March 18, 2016
New York Electronic Prescribing Waivers Guidance for Specific Types of Prescriptions The New York Department of Health, pursuant to questions received from NCPDP members as well as other industry stakeholders, has released guidance as to how to handle specific types of prescriptions that currently are not well suited to electronic prescribing. Said guidance waives, until March 27, 2017, the requirement that these specific prescription types be electronically prescribed as required by New York’s  iSTOP law. The key portion of this guidance is reproduced below.

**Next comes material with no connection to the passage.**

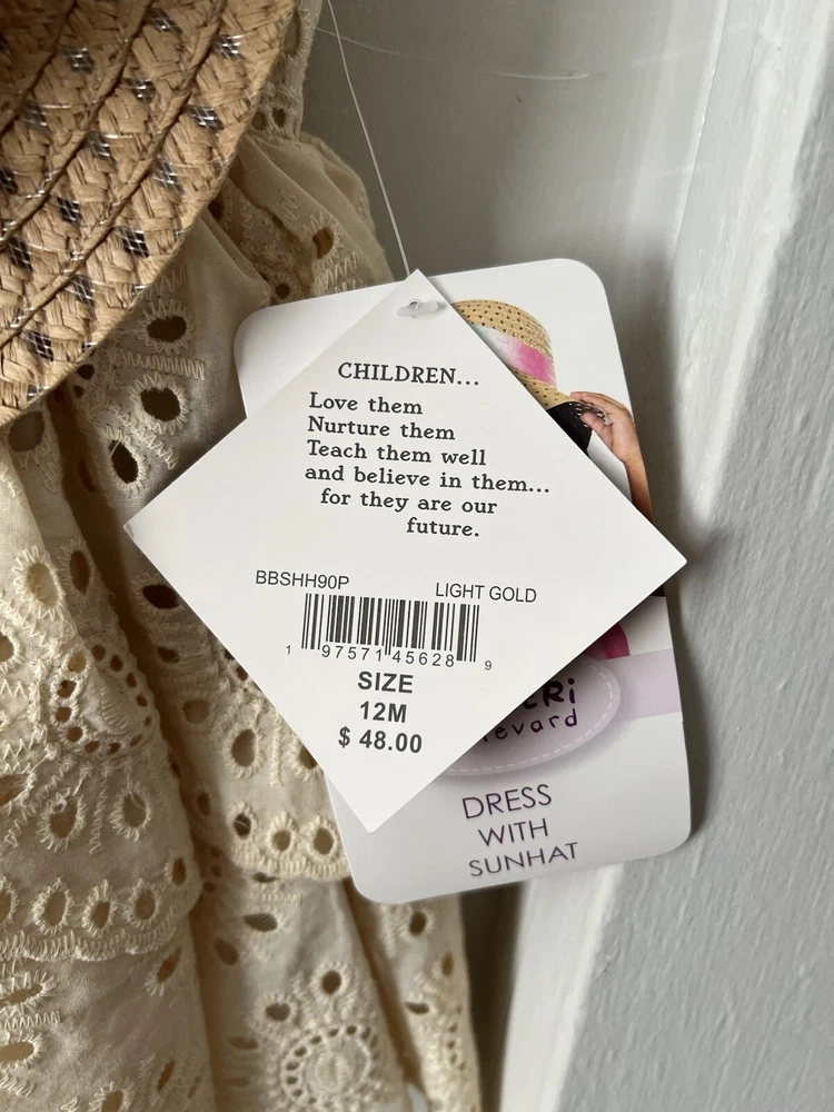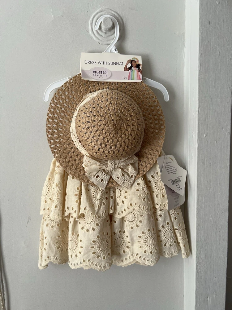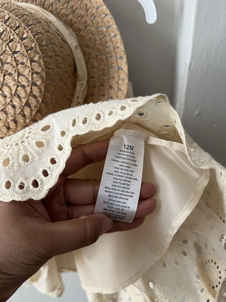 This Blueberi Boulevard Girls Sleeveless Beige Dress set features a floral pattern with a sleeveless design, perfect for summer, fall, or spring occasions. The dress has a button closure and is crafted from a blend of polyester and 100% linen, making it machine washable for easy care. The knee-length sweater dress comes in a size suitable for 12-month-old girls and includes a matching straw hat for a cute and stylish look. Ideal for parties, casual outings, or formal events, this outfit is a great addition to any little girl's wardrobe.

The New York Commissioner of Health, in a letter, has waived the following circumstances from the requirements of electronic prescribing:

  1. Any practitioner prescribing a controlled or non-controlled substance, containing two (2) or more products, which is compounded by a pharmacist.
  2. Any practitioner prescribing a controlled or non-controlled substance to be compounded for the direct administration to a patient by parenteral, intravenous, intramuscular, subcutaneous or intraspinal infusion.
  3. Any practitioner prescribing a controlled or non-controlled substance that contains long or complicated directions.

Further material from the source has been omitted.